THE DATA -
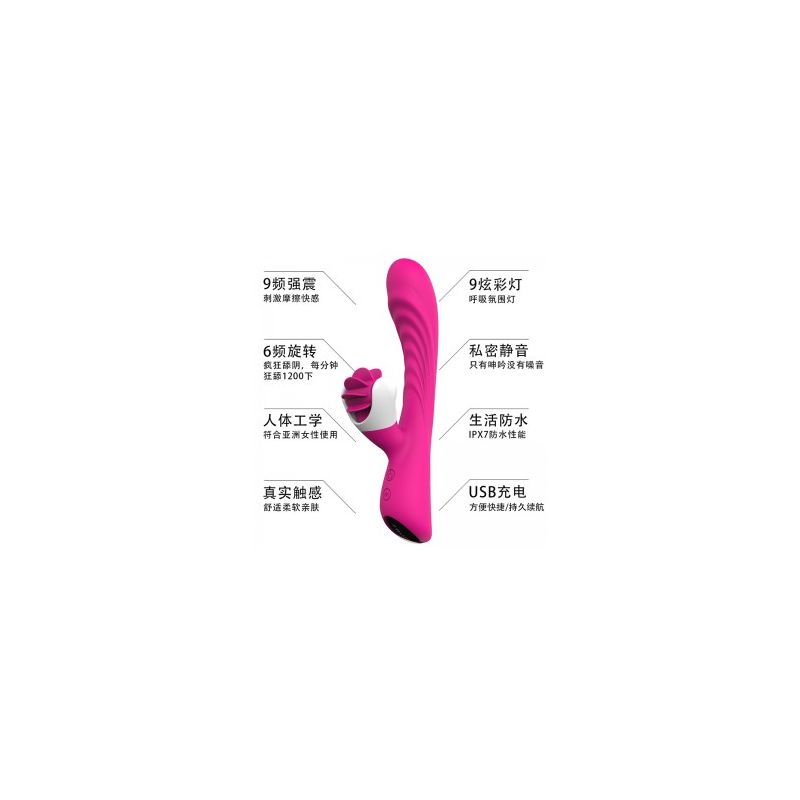 产品优点:外舔内震、9频震动模式、6种旋转模式、持久续航、疯狂舌舔、静音防水柔软亲肤、棒身纹理、摩擦更爽、棒身收腰设计,不会撑大私处、人体工学设计,贴合女性阴道曲线
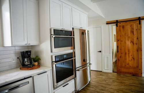 Brand new garage with 2 parking spaces. High Pottery Barn bedding and Four Hands furniture.
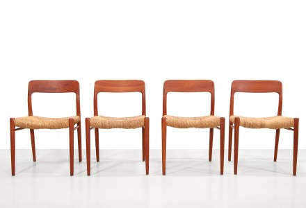 Set van vier Niels O. Moller model 75 stoelen met rieten zitting
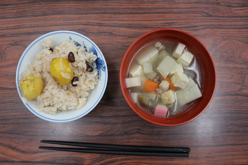 栗入り赤飯の栗は、講師の牧山先生の自宅で栽培・収穫されたもので、炊きあがった赤飯の栗はとてもほくほくしていて甘味がありました。
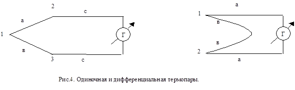 Для абсолютных измерений термопару калибруют по газовому или иному эталонному термометру. Значительно чаще приходится измерять разность температур, тогда применяют дифференциальную термопару. Она представляет собой две одинаковые термопары, включённые навстречу друг другу ( рис.4 ). Спаи помещают в те места, разность температур которых необходимо измерить. Если спай одной из них поместить в среду с известной и стабильной температурой, например, в тающий лёд, то после соответствующей градуировки дифференциальной термопарой можно производить и абсолютные температурные измерения.
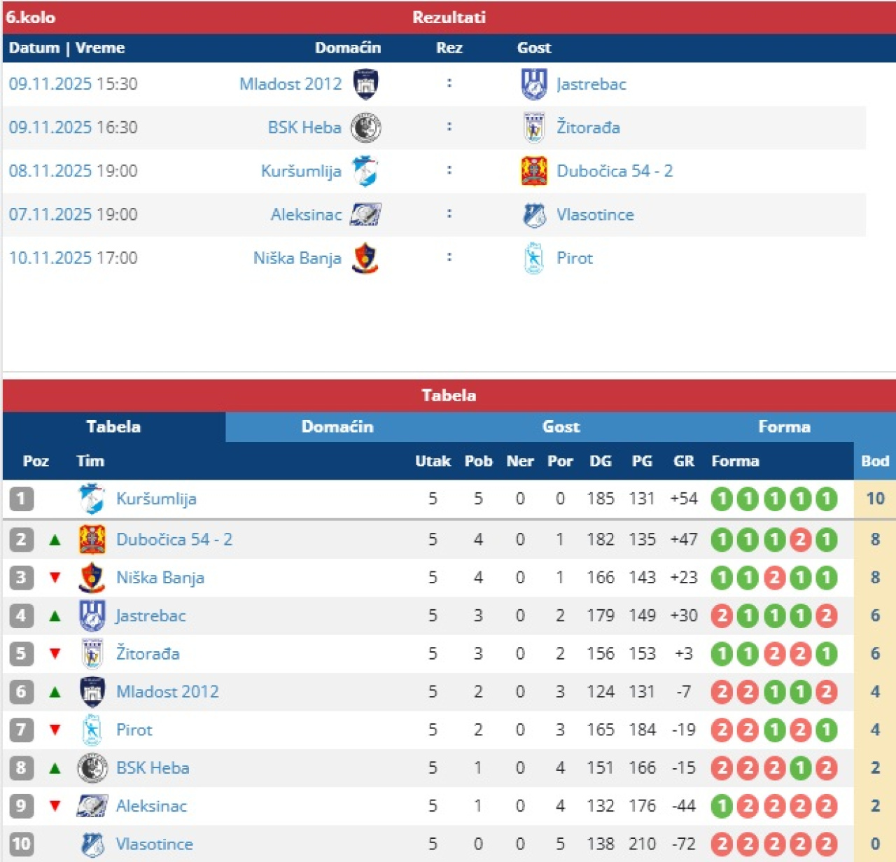 Prva liga istok Grupa B, 5. kolo (M)
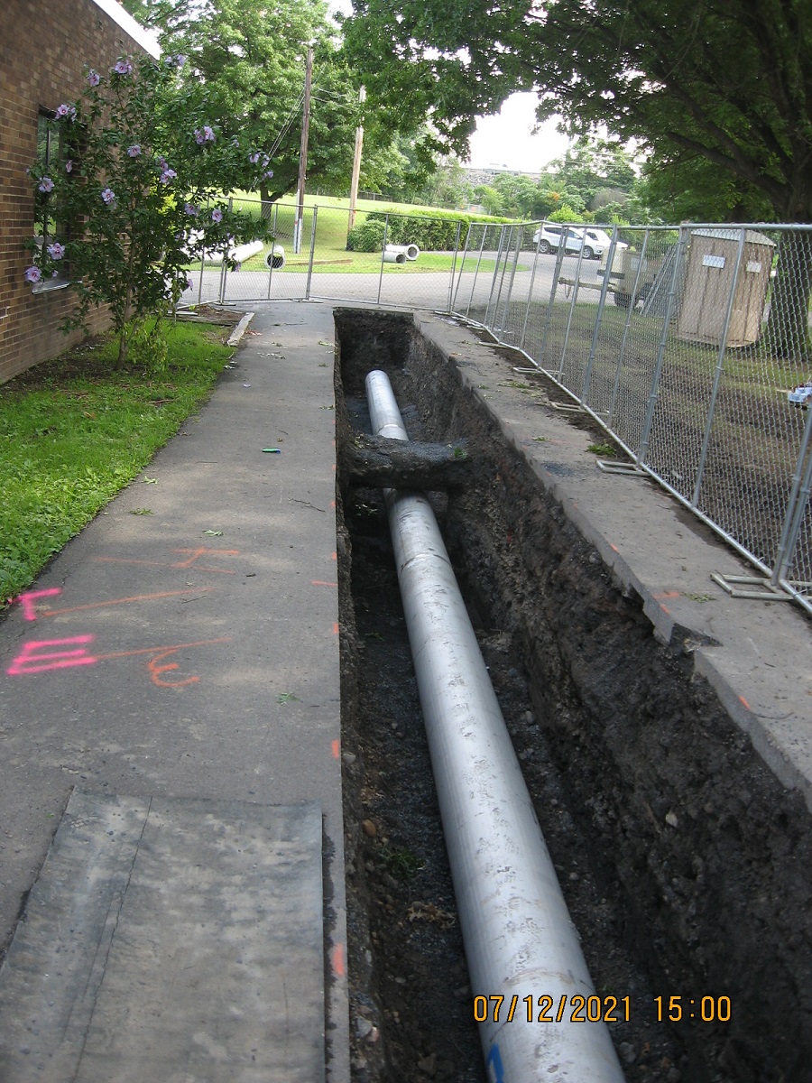 The Throop treatment plant utilizes a biological process to remove organic contaminants from wastewater. During this process, air is pumped into the treatment tanks, providing oxygen to beneficial microorganisms that break down the pollutants. However, the existing underground pipeline that delivered air to the treatment tanks had multiple pipe segments with leaking joints, leading to air loss. This required the air supply system to work harder, resulting in higher energy consumption to maintain adequate oxygen levels for the biological treatment process.
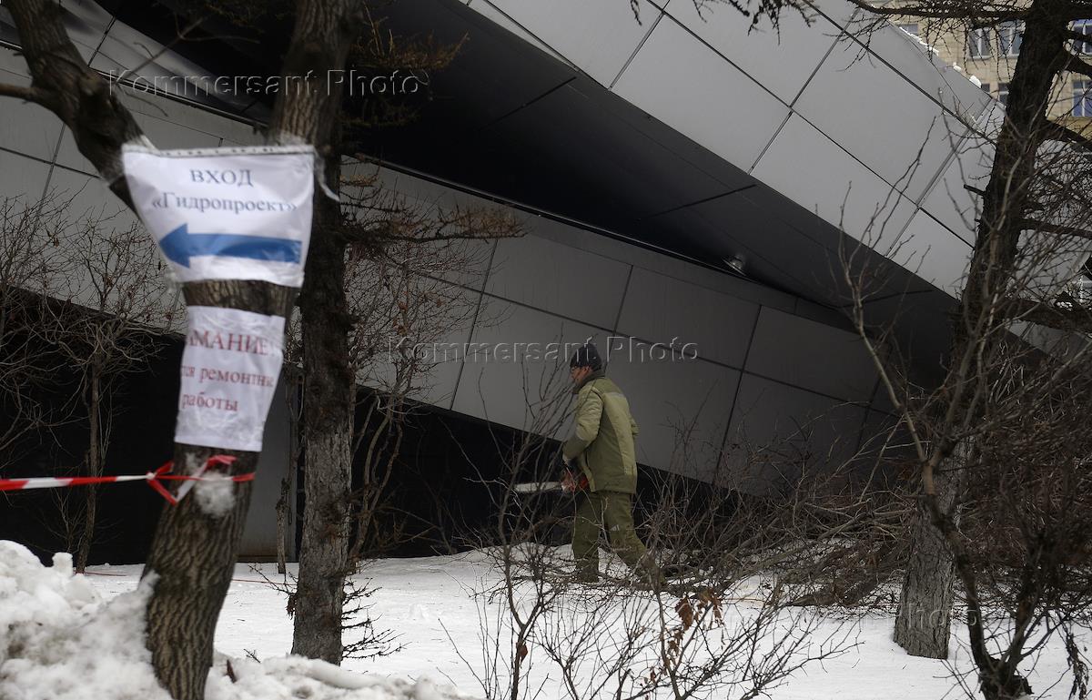Обрушение козырька здания бизнес-центра, в котором расположен институт "Гидропроект", по адресу Волоколамское шоссе, дом 2.
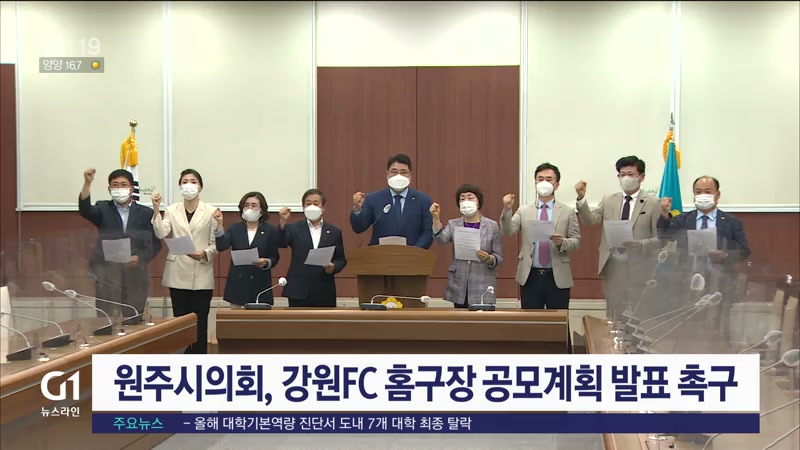 원주시의회 민주당 소속 의원 8명은 "원주시가 예산 절감과 접근성, 지역경제 활성화를 위해 강원FC 축구 전용경기장 건립 의사를 밝혔지만,
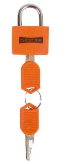 Este cadeado á apropriado para zíperes de malas, pastas e sacolas de viagem.
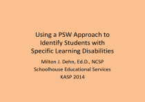 Using a PSW Approach to Identify Students with Specific Learning Disabilities Milton J. Dehn, Ed.D., NCSP Schoolhouse Educational Services KASP 2014 Notice of Copyright 2014 This PowerPoint presentation and accompanying materials are copyrighted by Schoolhouse Educational Services, LLC. They are not to be reprinted, copied, or electronically disseminated without written permission. To obtain permission, email milt@psychprocesses.com. Workshop Information Sources • Essentials of Processing Assessment, 2nd Ed. • Children’s Psychological Processes Scale (CPPS) • Psychological Processing Analyzer (PPA) • www.psychprocesses.com • Intervention references • Presenter Contact: milt@psychprocesses.com Topics 1. 2. 3. 4. 5. 6. 7. 8. Processes to assess Processes and academic skills PSW Models Conducting a processing assessment Completing the processing analysis worksheet Identifying processing deficits with the PPA CPPS overview Processing interventions overview The Need for Processing Assessment 1. Part of a neuropsychological approach 2. Not just for SLD but Autism, ADHD, TBI, etc. 3. Neuroscience has increased our understanding of brain-learning relationships 4. A deficit in a “psychological process” is part of federal and states’ SLD definitions 5. Identification of processing deficits leads to more appropriate & effective interventions Working Memory Example 1. 10% of children have a WM deficit 2. Of those in the bottom 10% percentiles, 80% will have significant learning problems 3. A working memory deficit predicts LD with more than 80% accuracy 4. WM predicts LD better than IQ, consistency predicts better than discrepancy 5. WM evidence-based interventions It’s About the “Why” 1. The “why” matters 2. Learning disabilities have a neurological basis 3. Understanding the brain basis as to why a student has a learning disability is important 4. Identifying processing deficits is a big part of answer the why question 5. Assessment that answer some why questions benefits the learner even without placement or interventions Processing Assessment and RTI 1. Both value early identification 2. When RTI fails, a processing deficit is probably the cause 3. Addressing processing deficits makes academic interventions successful; example 4. Much has changed/improved in regards to processing assessment and intervention What are Neuropsychological Processes? 1. 2. 3. 4. 5. 6. 7. 8. Brain processes, operations, functions Whenever information is perceived, transformed, manipulated, stored, retrieved, expressed Include “cognitive” processes Whenever we think, reason, problem-solve There are basic and higher level processes Doesn’t include knowledge or achievement Learning and performance depend on these processes; they underlie academic skill acquisition There are social-emotional, sensory, and other processes that are not included for SLD assessment Neuropsychological Processes are Not 1. IQ, but they contribute to IQ 2. “Abilities”; are the specific brain processes that underlie abilities 3. More like aptitudes than abilities; aptitudes are more specific 4. Not skills; skills and knowledge are the product of processes Processes to Include in Assessment 1. Broad processes composed of numerous subprocesses – Consider subprocesses when a broad process is low 2. Related to academic learning & performance 3. Observable in the classroom 4. They have evidence-based interventions Processes for SLD Assessment 1. Attention 2. Auditory Processing 3. Executive Functions 4. Fine Motor 5. Fluid Reasoning 6. Long-Term Recall 7. Oral Language 8. Phonological Processing 9. Processing Speed 10.Visual-Spatial Processing 11.Working Memory (WM) Human Processing Limitations 1. Human limitations 2. Which processes does the chimp excel at? Attention 1. 2. 3. 4. Types: Selective, focused, divided, sustained Necessary for learning and memory Attention deficits part of LD; ADHD/LD comorbidity Not necessarily ADHD (not enough symptoms) 1. ADHD is more hyperactive/impulsive 2. Inattentive type is more cognitive/learning problems 5. Can use rating scales to assess attention 6. Related to Executive Functions and Working Memory Executive Functions 1. Self-regulation of cognitive functions and psychological processes 2. There are more than 30 exec processes 3. Self-monitoring, self-regulation, and metacognition are part of EF 4. Have a longer course of development 5. Also have to do with classroom performance 6. Can assess with rating scales Long-Term Recall 1. The focus is on the processes, not the amount of acquired knowledge 2. Close connection with other processes and with academic learning in general 3. Includes encoding, consolidation, storage, and retrieval 4. Don’t need memory battery; can use scores from WJ and other scales Working Memory 1. 2. 3. 4. 5. Processing while retaining information Includes short-term memory Verbal, visual-spatial, & executive WM WM is a cognitive and executive process Scores from WJ, IQ, and other cognitive scales can be used 6. An example of where CHC theory does not match up with neuropsychology; WJ IV has made an adjustment Neuroanatomy of Processes Neuroanatomy of Processes 1. 2. 3. 4. Most in more than one brain lobe Illustrates the interconnectivity of processes Most have specific structures within a lobe Processing speed is a function of interconnectivity; does not have a specific structure Occipital Lobe 1. Dedicated to vision and visual-spatial processing 2. Receives sensory data from the thalamus 3. Visual and spatial processing are separate 4. Dorsal stream (upper) sends spatial information to parietal lobe 5. Ventral stream (lower) sends visual information to temporal lobe Temporal Lobe 1. Auditory processing 2. Long-term memory processing in the hippocampus 3. Some visual processing 4. Semantic memory storage The Hippocampus Parietal Lobe 1. Integrates sensory information 2. Language processing 3. Phonological processing Frontal Lobe 1. 2. 3. 4. 5. 
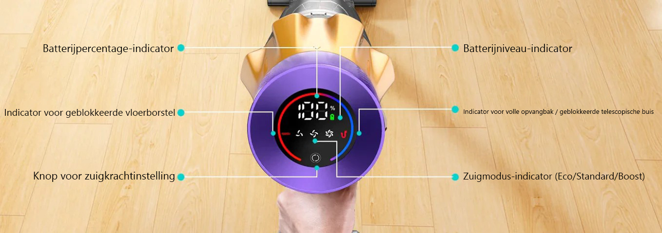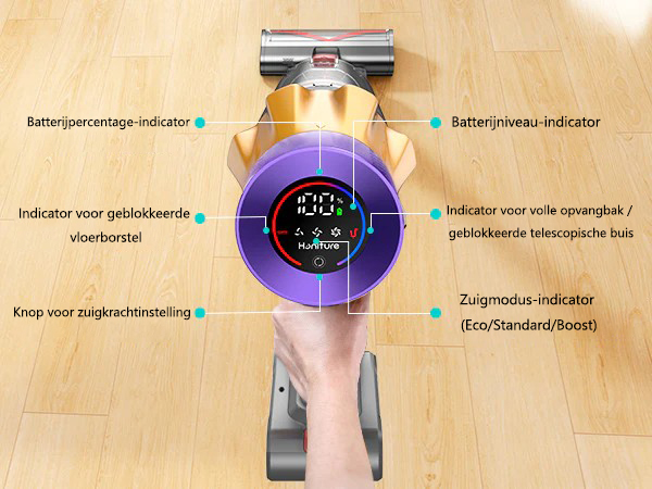 De  stofzuiger heeft een lange batterijduur, waardoor je ononderbroken schoonmaaksessies kunt uitvoeren. Afhankelijk van de ingestelde zuigkracht kun je bij een volle lading enkele uren schoonmaken, in de powermodus tot 30 minuten.
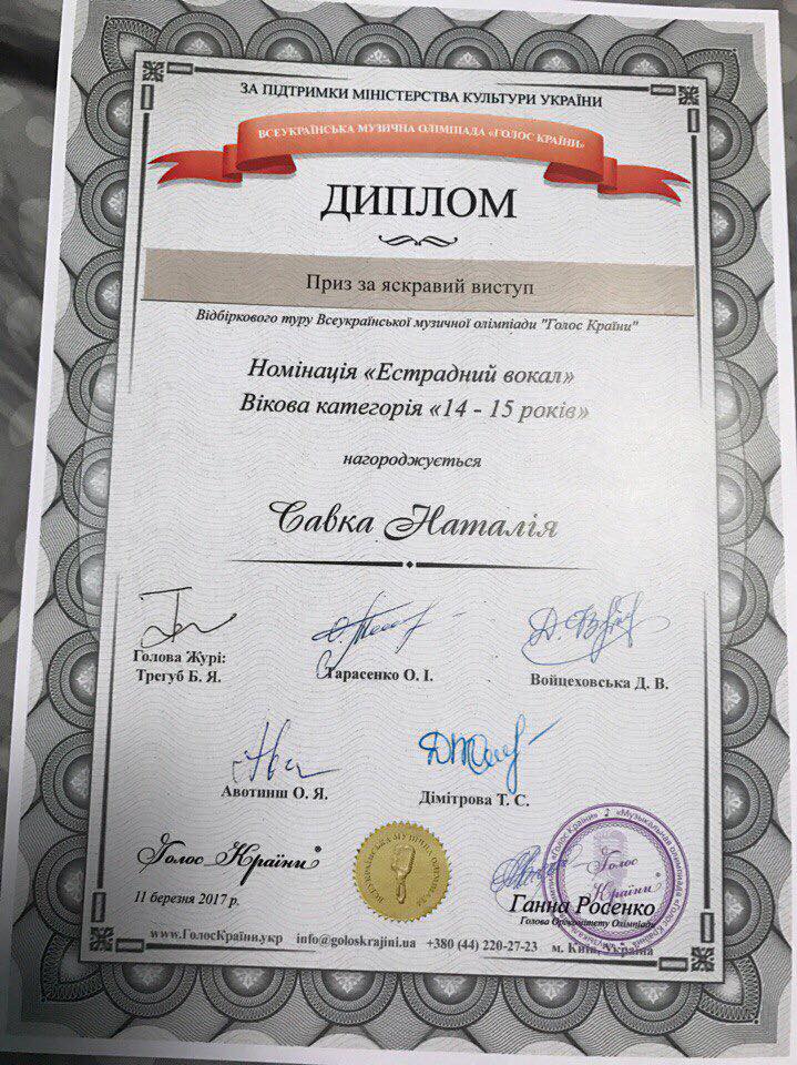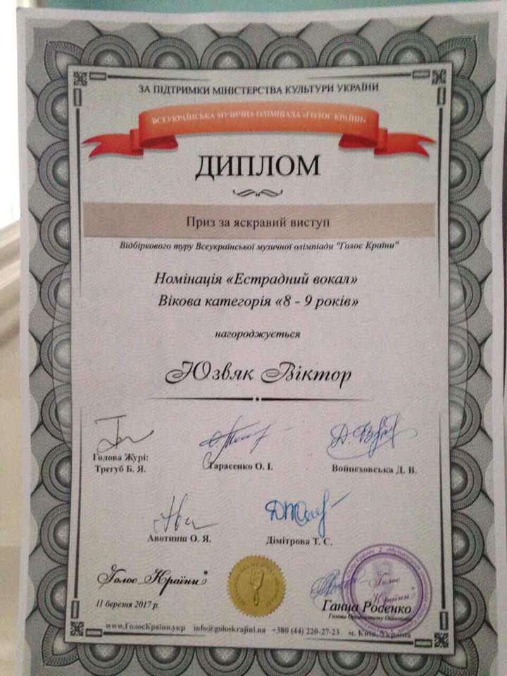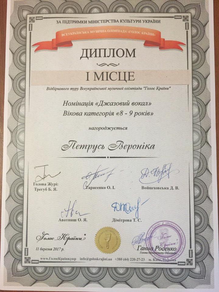 11 березня 2017 на сцені «In-Jazz Live!» музичного магазину "In-Jazz" пройшов відбірковий тур Всеукраїнської музичної олімпіади "Голос Країни". До складу журі відбіркового туру увійшли викладачі вузів Києва, музиканти та діячі мистецтв - Валерій Матюхін, Олег Безбородько та Вероніка Левко. Учні вокального класу викладача Венедиктової Вікторії Юріївної, приїхали з високими нагородами, а саме:

WHAT THIS TASK INVOLVES -
Repeat the records above exactly, without pictures.

RESPONSE -
 产品优点:外舔内震、9频震动模式、6种旋转模式、持久续航、疯狂舌舔、静音防水柔软亲肤、棒身纹理、摩擦更爽、棒身收腰设计,不会撑大私处、人体工学设计,贴合女性阴道曲线
 Brand new garage with 2 parking spaces. High Pottery Barn bedding and Four Hands furniture.
 Set van vier Niels O. Moller model 75 stoelen met rieten zitting
 栗入り赤飯の栗は、講師の牧山先生の自宅で栽培・収穫されたもので、炊きあがった赤飯の栗はとてもほくほくしていて甘味がありました。
 Для абсолютных измерений термопару калибруют по газовому или иному эталонному термометру. Значительно чаще приходится измерять разность температур, тогда применяют дифференциальную термопару. Она представляет собой две одинаковые термопары, включённые навстречу друг другу ( рис.4 ). Спаи помещают в те места, разность температур которых необходимо измерить. Если спай одной из них поместить в среду с известной и стабильной температурой, например, в тающий лёд, то после соответствующей градуировки дифференциальной термопарой можно производить и абсолютные температурные измерения.
 Prva liga istok Grupa B, 5. kolo (M)
 The Throop treatment plant utilizes a biological process to remove organic contaminants from wastewater. During this process, air is pumped into the treatment tanks, providing oxygen to beneficial microorganisms that break down the pollutants. However, the existing underground pipeline that delivered air to the treatment tanks had multiple pipe segments with leaking joints, leading to air loss. This required the air supply system to work harder, resulting in higher energy consumption to maintain adequate oxygen levels for the biological treatment process.
Обрушение козырька здания бизнес-центра, в котором расположен институт "Гидропроект", по адресу Волоколамское шоссе, дом 2.
 원주시의회 민주당 소속 의원 8명은 "원주시가 예산 절감과 접근성, 지역경제 활성화를 위해 강원FC 축구 전용경기장 건립 의사를 밝혔지만,
 Este cadeado á apropriado para zíperes de malas, pastas e sacolas de viagem.
 Using a PSW Approach to Identify Students with Specific Learning Disabilities Milton J. Dehn, Ed.D., NCSP Schoolhouse Educational Services KASP 2014 Notice of Copyright 2014 This PowerPoint presentation and accompanying materials are copyrighted by Schoolhouse Educational Services, LLC. They are not to be reprinted, copied, or electronically disseminated without written permission. To obtain permission, email milt@psychprocesses.com. Workshop Information Sources • Essentials of Processing Assessment, 2nd Ed. • Children’s Psychological Processes Scale (CPPS) • Psychological Processing Analyzer (PPA) • www.psychprocesses.com • Intervention references • Presenter Contact: milt@psychprocesses.com Topics 1. 2. 3. 4. 5. 6. 7. 8. Processes to assess Processes and academic skills PSW Models Conducting a processing assessment Completing the processing analysis worksheet Identifying processing deficits with the PPA CPPS overview Processing interventions overview The Need for Processing Assessment 1. Part of a neuropsychological approach 2. Not just for SLD but Autism, ADHD, TBI, etc. 3. Neuroscience has increased our understanding of brain-learning relationships 4. A deficit in a “psychological process” is part of federal and states’ SLD definitions 5. Identification of processing deficits leads to more appropriate & effective interventions Working Memory Example 1. 10% of children have a WM deficit 2. Of those in the bottom 10% percentiles, 80% will have significant learning problems 3. A working memory deficit predicts LD with more than 80% accuracy 4. WM predicts LD better than IQ, consistency predicts better than discrepancy 5. WM evidence-based interventions It’s About the “Why” 1. The “why” matters 2. Learning disabilities have a neurological basis 3. Understanding the brain basis as to why a student has a learning disability is important 4. Identifying processing deficits is a big part of answer the why question 5. Assessment that answer some why questions benefits the learner even without placement or interventions Processing Assessment and RTI 1. Both value early identification 2. When RTI fails, a processing deficit is probably the cause 3. Addressing processing deficits makes academic interventions successful; example 4. Much has changed/improved in regards to processing assessment and intervention What are Neuropsychological Processes? 1. 2. 3. 4. 5. 6. 7. 8. Brain processes, operations, functions Whenever information is perceived, transformed, manipulated, stored, retrieved, expressed Include “cognitive” processes Whenever we think, reason, problem-solve There are basic and higher level processes Doesn’t include knowledge or achievement Learning and performance depend on these processes; they underlie academic skill acquisition There are social-emotional, sensory, and other processes that are not included for SLD assessment Neuropsychological Processes are Not 1. IQ, but they contribute to IQ 2. “Abilities”; are the specific brain processes that underlie abilities 3. More like aptitudes than abilities; aptitudes are more specific 4. Not skills; skills and knowledge are the product of processes Processes to Include in Assessment 1. Broad processes composed of numerous subprocesses – Consider subprocesses when a broad process is low 2. Related to academic learning & performance 3. Observable in the classroom 4. They have evidence-based interventions Processes for SLD Assessment 1. Attention 2. Auditory Processing 3. Executive Functions 4. Fine Motor 5. Fluid Reasoning 6. Long-Term Recall 7. Oral Language 8. Phonological Processing 9. Processing Speed 10.Visual-Spatial Processing 11.Working Memory (WM) Human Processing Limitations 1. Human limitations 2. Which processes does the chimp excel at? Attention 1. 2. 3. 4. Types: Selective, focused, divided, sustained Necessary for learning and memory Attention deficits part of LD; ADHD/LD comorbidity Not necessarily ADHD (not enough symptoms) 1. ADHD is more hyperactive/impulsive 2. Inattentive type is more cognitive/learning problems 5. Can use rating scales to assess attention 6. Related to Executive Functions and Working Memory Executive Functions 1. Self-regulation of cognitive functions and psychological processes 2. There are more than 30 exec processes 3. Self-monitoring, self-regulation, and metacognition are part of EF 4. Have a longer course of development 5. Also have to do with classroom performance 6. Can assess with rating scales Long-Term Recall 1. The focus is on the processes, not the amount of acquired knowledge 2. Close connection with other processes and with academic learning in general 3. Includes encoding, consolidation, storage, and retrieval 4. Don’t need memory battery; can use scores from WJ and other scales Working Memory 1. 2. 3. 4. 5. Processing while retaining information Includes short-term memory Verbal, visual-spatial, & executive WM WM is a cognitive and executive process Scores from WJ, IQ, and other cognitive scales can be used 6. An example of where CHC theory does not match up with neuropsychology; WJ IV has made an adjustment Neuroanatomy of Processes Neuroanatomy of Processes 1. 2. 3. 4. Most in more than one brain lobe Illustrates the interconnectivity of processes Most have specific structures within a lobe Processing speed is a function of interconnectivity; does not have a specific structure Occipital Lobe 1. Dedicated to vision and visual-spatial processing 2. Receives sensory data from the thalamus 3. Visual and spatial processing are separate 4. Dorsal stream (upper) sends spatial information to parietal lobe 5. Ventral stream (lower) sends visual information to temporal lobe Temporal Lobe 1. Auditory processing 2. Long-term memory processing in the hippocampus 3. Some visual processing 4. Semantic memory storage The Hippocampus Parietal Lobe 1. Integrates sensory information 2. Language processing 3. Phonological processing Frontal Lobe 1. 2. 3. 4. 5. 
 De  stofzuiger heeft een lange batterijduur, waardoor je ononderbroken schoonmaaksessies kunt uitvoeren. Afhankelijk van de ingestelde zuigkracht kun je bij een volle lading enkele uren schoonmaken, in de powermodus tot 30 minuten.
 11 березня 2017 на сцені «In-Jazz Live!» музичного магазину "In-Jazz" пройшов відбірковий тур Всеукраїнської музичної олімпіади "Голос Країни". До складу журі відбіркового туру увійшли викладачі вузів Києва, музиканти та діячі мистецтв - Валерій Матюхін, Олег Безбородько та Вероніка Левко. Учні вокального класу викладача Венедиктової Вікторії Юріївної, приїхали з високими нагородами, а саме:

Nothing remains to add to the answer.